### About this task
Retype only the lines that run from the top of the material below to the line bearing "각색하여 공유하고 있습니다.", inclusive, and keep the pictures out.

### Provided material
"""

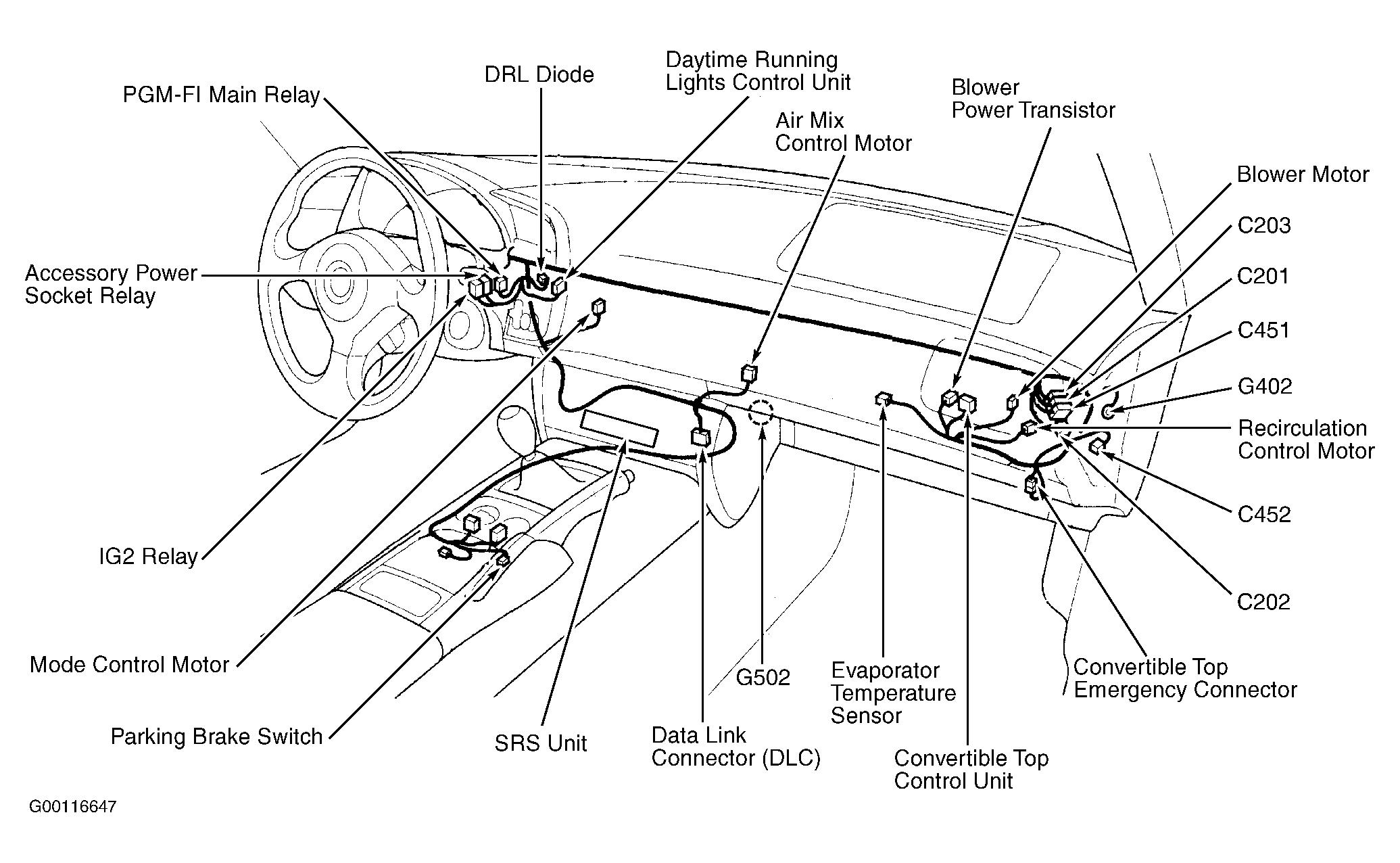 | Daytime Running Lights Control Unit | Behind left side of dash, right of steering column. See Figure . |
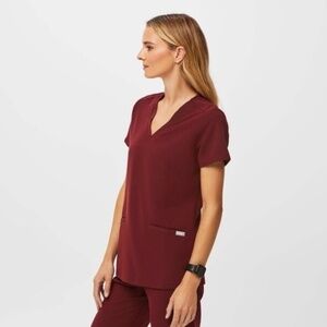 Figs Casma Three-Pocket Scrub Top Burgundy
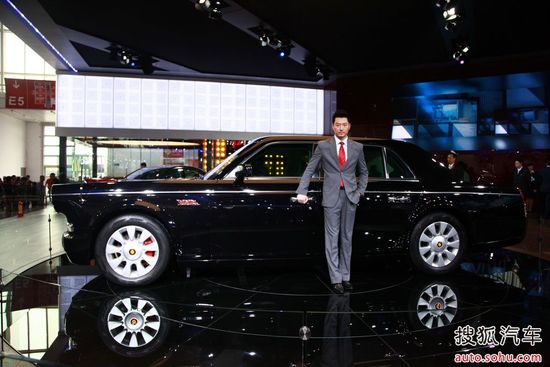 信息點:軸距3900mm,比勞斯萊斯幻影EWB加長版還長,整備質量3.15噸,造型沿襲檢閱車,主打高端接待、國賓用車市場。
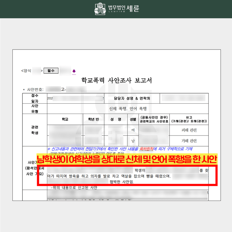 🚨법무법인 세륜 이태훈 대표변호사는 (現)성남/ (前)시흥 학폭위원회 위원으로 활동하며 경험한 사례를 바탕으로 소년범죄 및 학교폭력사건을 담당하고 있습니다. 실제 학교폭력위원회 심의를 하면서 겪은 사례들을 각색하여 공유하고 있습니다.
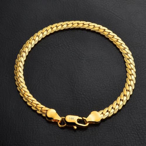 Material: GoldMetal type: Yellow GoldClasp type: Lobster ClawChain type: Cuban ChainGem type: No gemstone【Bracelet Introduction】This men's and women's Cuban bracelet is 7.2 inches long, 0.2 inches wide, and weighs 10.5 grams. The bracelet material is lead-free and nickel free, and has anti allergic properties. Friendly to sensitive skin, can be worn frequently in any occasion.【Unique shape】The flat whip bracelet is finely woven by hand, creating an eternal classic that still holds iconic value today. This bracelet is both exquisite and fashionable, showcasing a unique personality statement and instantly elevating the level of casual or formal attire.【Gift box packaging】YUBI Jewelry offers very exquisite packaging and shipping. The deep blue packaging box contains attractive jewelry and roses with a faint fragrance. It is high-end and elegant, and can be directly placed in the matching handbag to give to the important person, saving you packaging time【Store Promise】YUBI Jewelry provides a 90 day free return and exchange service. If you have any questions during the warranty period or after receiving the goods, you can contact us. Our professional team will give you a satisfactory answer within 24 hours of receiving the email【Best Gift】High class luxury jewelry is very suitable for giving to your husband/wife, father/mother, grandpa/grandma, brother/sisters or your friends on Christmas, Valentine's Day, birthday, Father's Day, Mother's Day, Thanksgiving Day and other special days or important occasions. They will certainly like it very much, and it is the best witness of your family, love and friendship Perfect for everyday use. first-class materials and excellent craftsmanship ensure long-lasting durability.
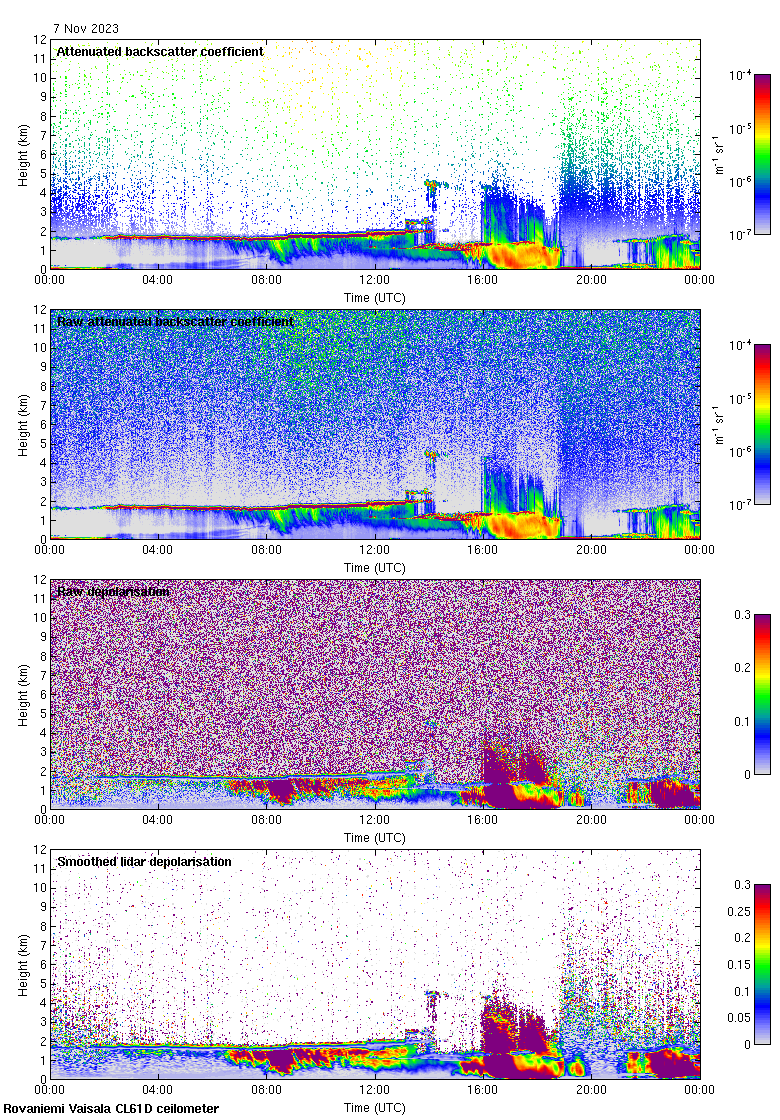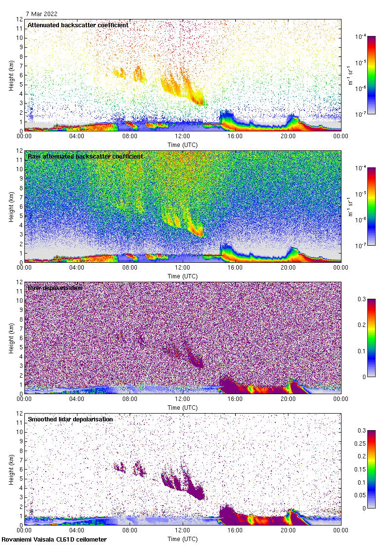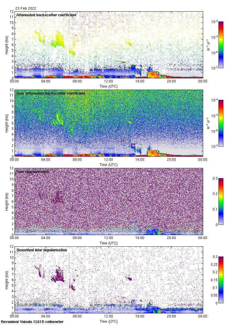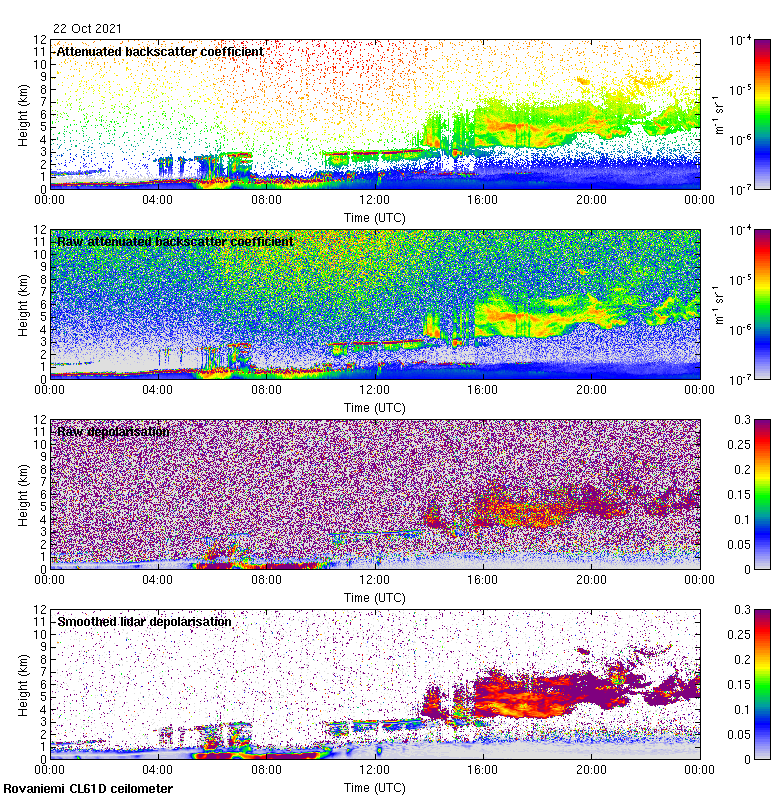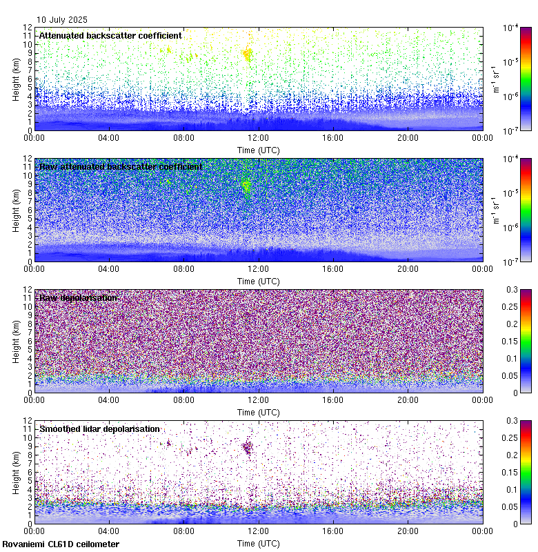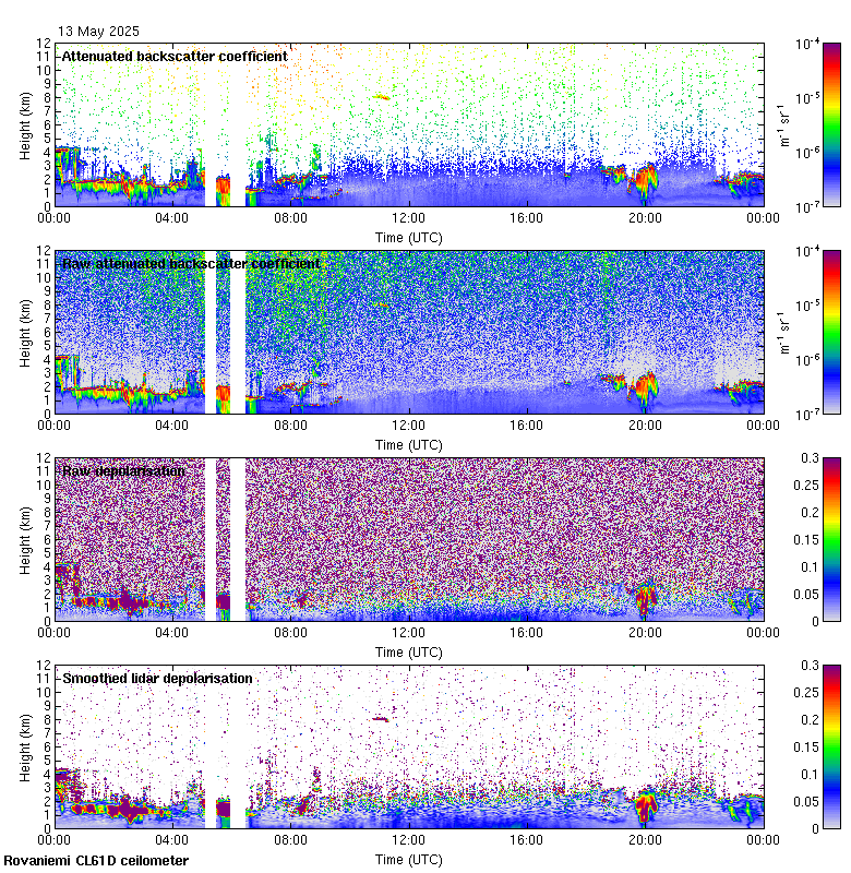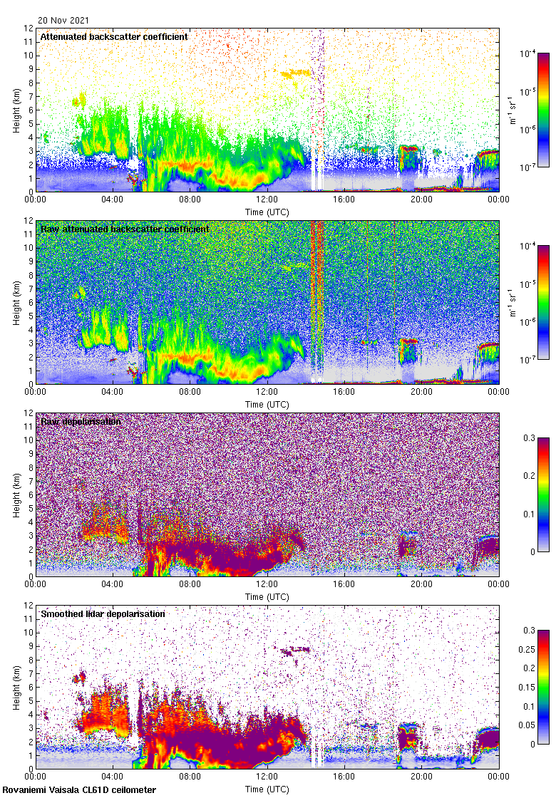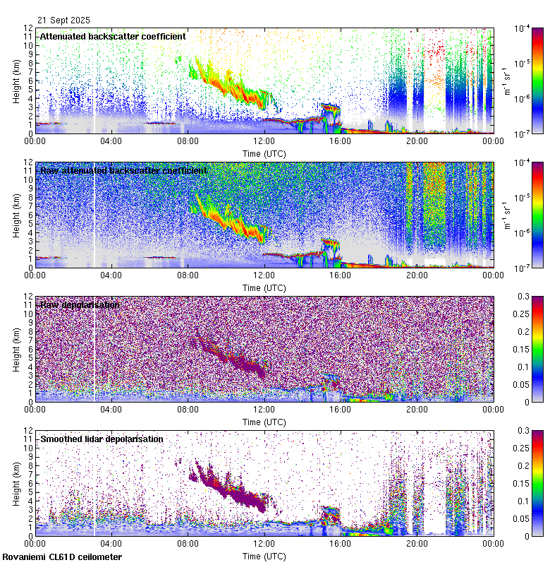 This page contains links to the daily Rovaniemi Vaisala CL61D ceilometer images created at Rovaniemi.
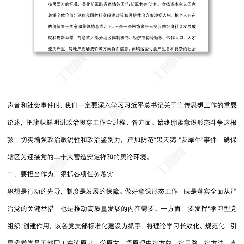 > 領(lǐng)導(dǎo)講話 > 意識形態(tài)工作專題研究會講話:認(rèn)清形勢 擔(dān)當(dāng)作為 筑牢轄區(qū)意識形態(tài)安全防線.DOCX 【圖片、文字、動畫均可編輯】
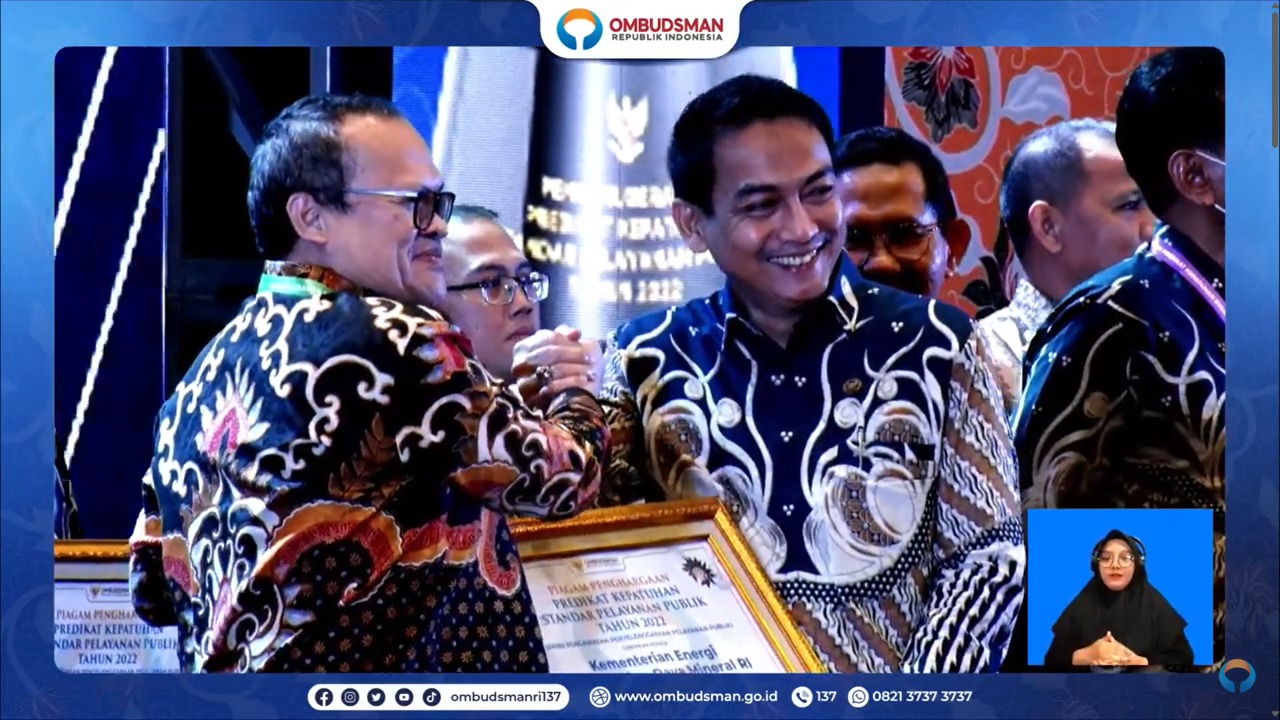 Kementerian Energi dan Sumber Daya Mineral (ESDM) menerima penghargaan dalam Penganugerahan Predikat Kepatuhan Standar Pelayanan Publik Tahun 2022 yang diselenggarakan oleh Ombudsman Republik Indonesia pada Kamis (23/12) di Jakarta. Penghargaan ini diterima langsung oleh Inspektur Jenderal KESDM Akhmad Syakhroza.
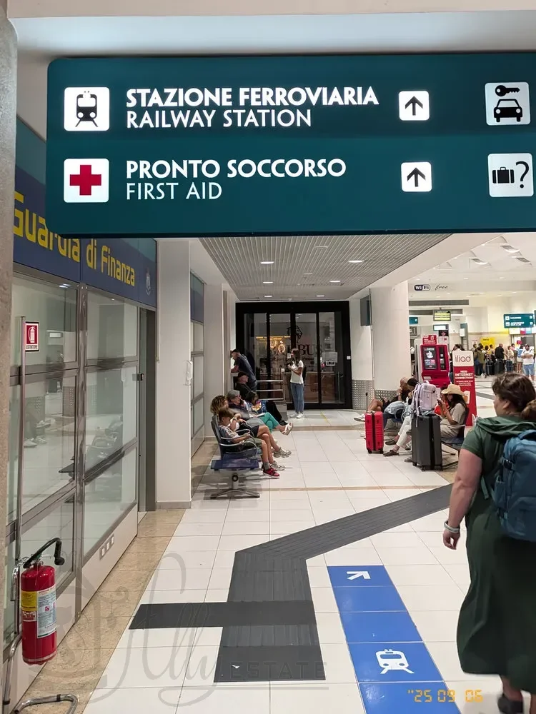 Железнодорожная станция аэропорта Бари расположена отдельно от терминала. Выйдя из зоны прилёта нужно повернуть налево и выйти из здания терминала через выход обозначенный как ж.д.станция.
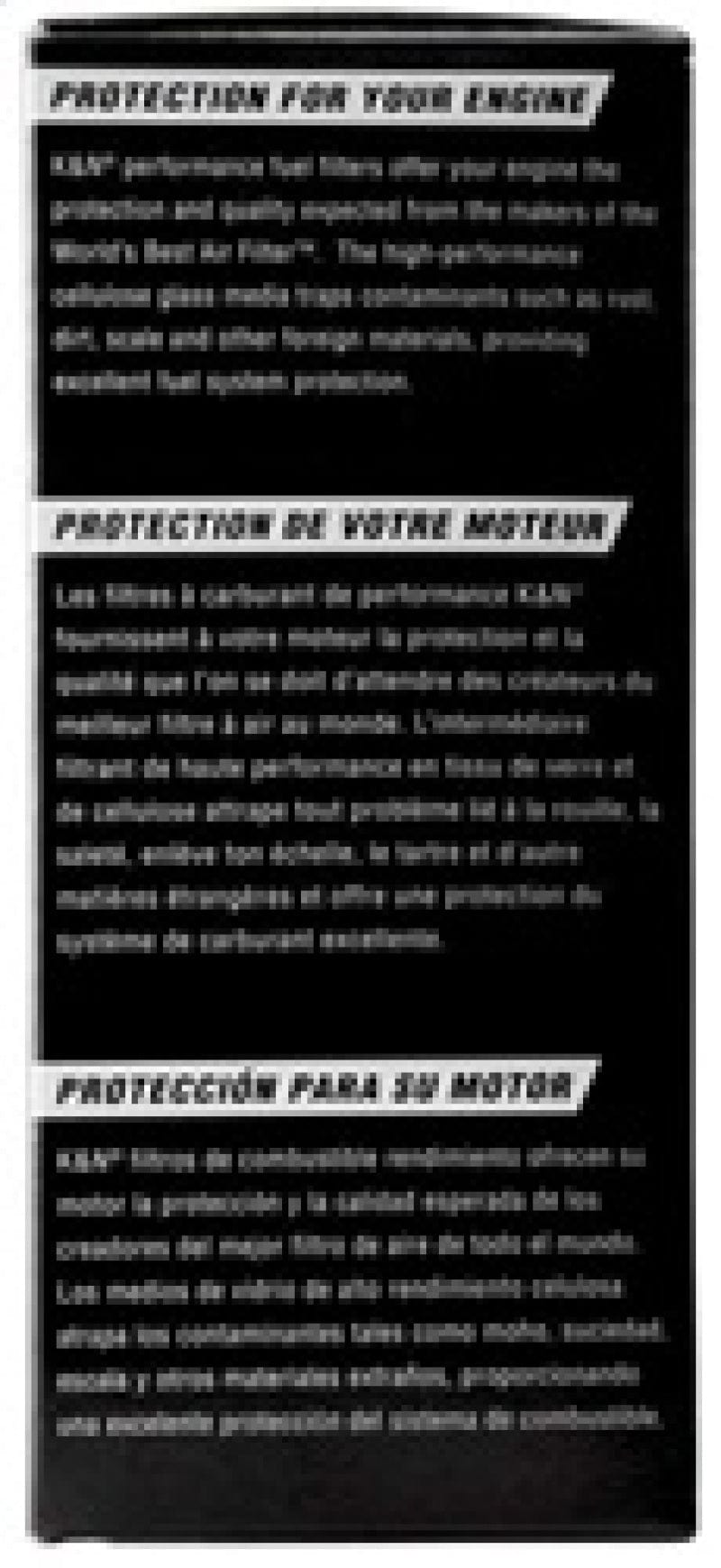 K&N Performance Fuel Filters are built for high flow rates and capacity while they provide outstanding filtration. They have a high strength carbon steel housing and a high performance rolled seam that exceeds OEM pressure requirements. Their high performance cellulose glass media traps contaminants such as rust, dirt, scale and other foreign materials.

"""

### Your solution
 | Daytime Running Lights Control Unit | Behind left side of dash, right of steering column. See Figure . |
 Figs Casma Three-Pocket Scrub Top Burgundy
 信息點:軸距3900mm,比勞斯萊斯幻影EWB加長版還長,整備質量3.15噸,造型沿襲檢閱車,主打高端接待、國賓用車市場。
 🚨법무법인 세륜 이태훈 대표변호사는 (現)성남/ (前)시흥 학폭위원회 위원으로 활동하며 경험한 사례를 바탕으로 소년범죄 및 학교폭력사건을 담당하고 있습니다. 실제 학교폭력위원회 심의를 하면서 겪은 사례들을 각색하여 공유하고 있습니다.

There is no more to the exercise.